[Data records]
==================================================

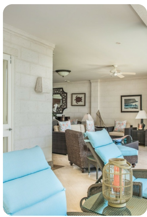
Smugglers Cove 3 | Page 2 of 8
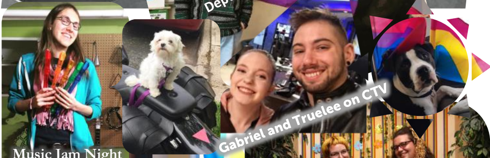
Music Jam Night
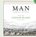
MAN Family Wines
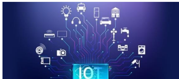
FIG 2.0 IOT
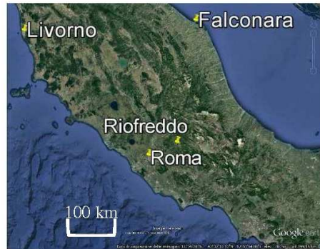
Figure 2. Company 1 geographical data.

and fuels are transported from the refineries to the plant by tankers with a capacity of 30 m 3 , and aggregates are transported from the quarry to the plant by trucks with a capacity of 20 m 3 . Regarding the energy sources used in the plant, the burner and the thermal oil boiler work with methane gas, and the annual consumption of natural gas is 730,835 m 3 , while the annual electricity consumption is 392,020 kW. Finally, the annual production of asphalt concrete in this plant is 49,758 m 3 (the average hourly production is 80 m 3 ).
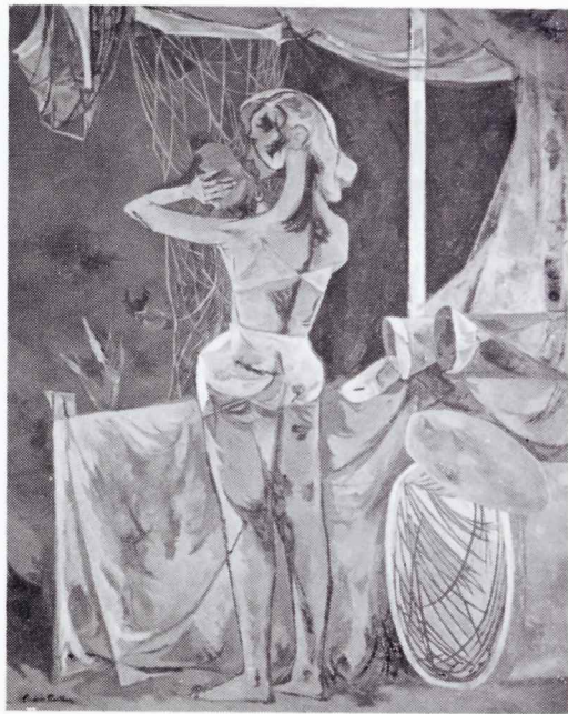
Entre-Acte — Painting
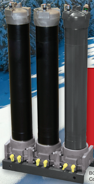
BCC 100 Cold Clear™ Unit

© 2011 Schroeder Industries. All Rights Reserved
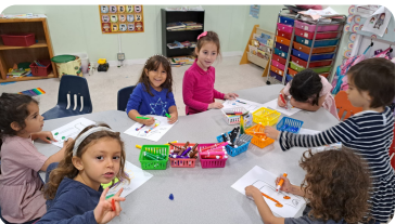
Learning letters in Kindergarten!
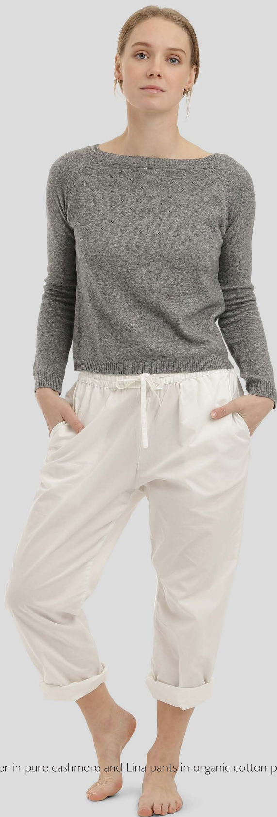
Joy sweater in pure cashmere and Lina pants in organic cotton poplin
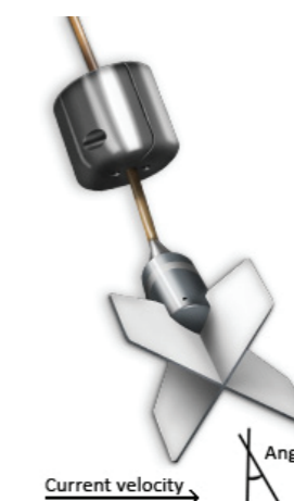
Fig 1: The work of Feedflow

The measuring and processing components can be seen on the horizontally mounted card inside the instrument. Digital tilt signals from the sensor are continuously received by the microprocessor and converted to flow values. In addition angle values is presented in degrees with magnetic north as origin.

==================================================

### Aim of the exercise
Only the lines starting at the one that includes "Music Jam Night" and ending at the one that includes "Fig 1: The work of Feedflow" should be retyped, exactly, from the records above; no pictures.

### Problem solution
Music Jam Night
MAN Family Wines
FIG 2.0 IOT
Figure 2. Company 1 geographical data.

and fuels are transported from the refineries to the plant by tankers with a capacity of 30 m 3 , and aggregates are transported from the quarry to the plant by trucks with a capacity of 20 m 3 . Regarding the energy sources used in the plant, the burner and the thermal oil boiler work with methane gas, and the annual consumption of natural gas is 730,835 m 3 , while the annual electricity consumption is 392,020 kW. Finally, the annual production of asphalt concrete in this plant is 49,758 m 3 (the average hourly production is 80 m 3 ).
Entre-Acte — Painting
BCC 100 Cold Clear™ Unit

© 2011 Schroeder Industries. All Rights Reserved
Learning letters in Kindergarten!
Joy sweater in pure cashmere and Lina pants in organic cotton poplin
Fig 1: The work of Feedflow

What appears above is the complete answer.